The conservative camp, once tightly knit, began to fray, alienating voters in the process. President Yoon's approval ratings remained below 30%, yet efforts to bridge these divides were noticeably absent as the general elections drew nearer.

As the general elections drew nearer, candidates in the Seoul metropolitan area began expressing their apprehensions. Lawmaker Yoon Sang-hyun, serving his fourth term, repeatedly raised concerns about the party's electoral prospects in the Seoul metropolitan area, describing a troubling pattern within the party. He likened the issue to cancer, citing a persistent tendency to subtract rather than add valuable personnel. Yoon questioned how the party could succeed in elections while continually engaging in negative strategies.

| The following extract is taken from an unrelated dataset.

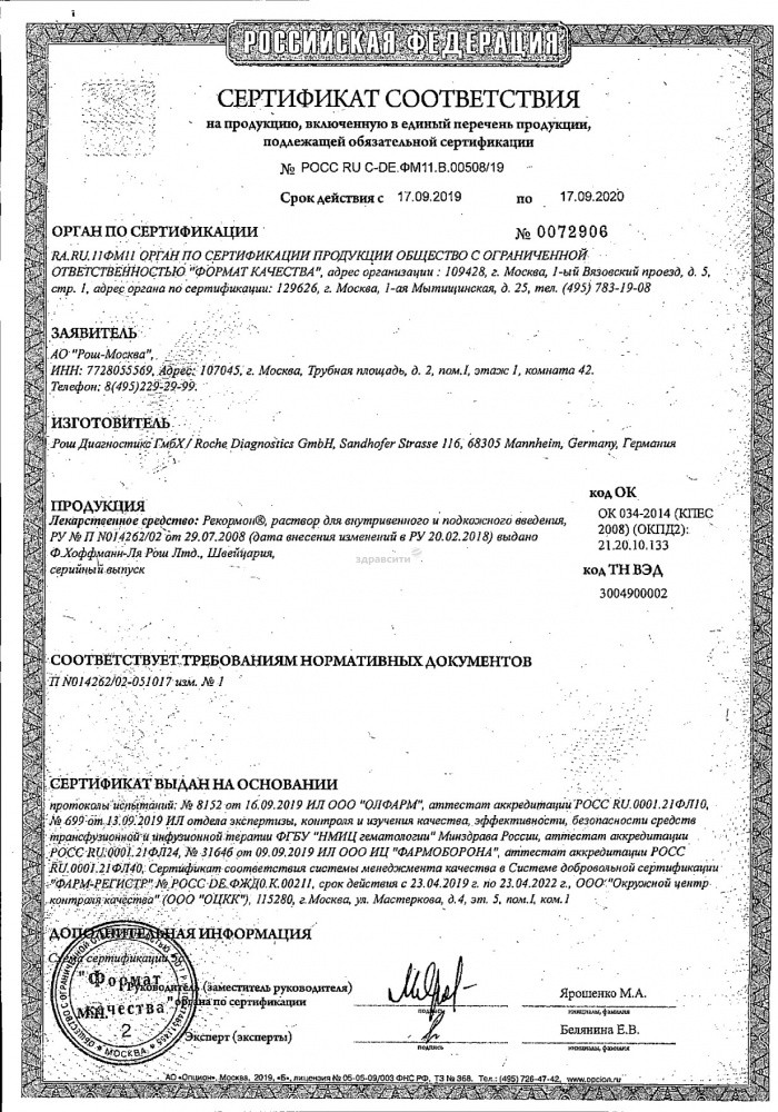 Прежде чем купить Рекормон (в Европе название НеоРекормон) Эритропоэтин в ближайшей аптеке, нужно обязательно проконсультироваться с врачом. Самолечение опасно для Вашего здоровья.

Last month, a pervasive sense of dissatisfaction with public sentiment in the Seoul metropolitan area gripped the People Power Party (PPP), echoing sentiments reminiscent of the previous 21st general elections. "This is a critical situation. We must act decisively," remarked Kim Seong-tae, the Election Committee Director of the Seoul Area, emphasizing the urgent need to reunite with former colleagues such as ex-lawmaker Yoo. However, Han Dong-hoon, the PPP interim leader, dismissed this suggestion. The conservative party, which had previously managed to present a semblance of unity during election periods despite internal conflicts, failed to make even a token effort towards solidarity this time.

Ultimately, the general election outcome underscored the PPP's strategic missteps, as the ruling party opted to subtract rather than add to its support base, resulting in a decisive defeat. Despite last-minute appeals for additional votes, the party's disregard for existing support likely sealed their fate.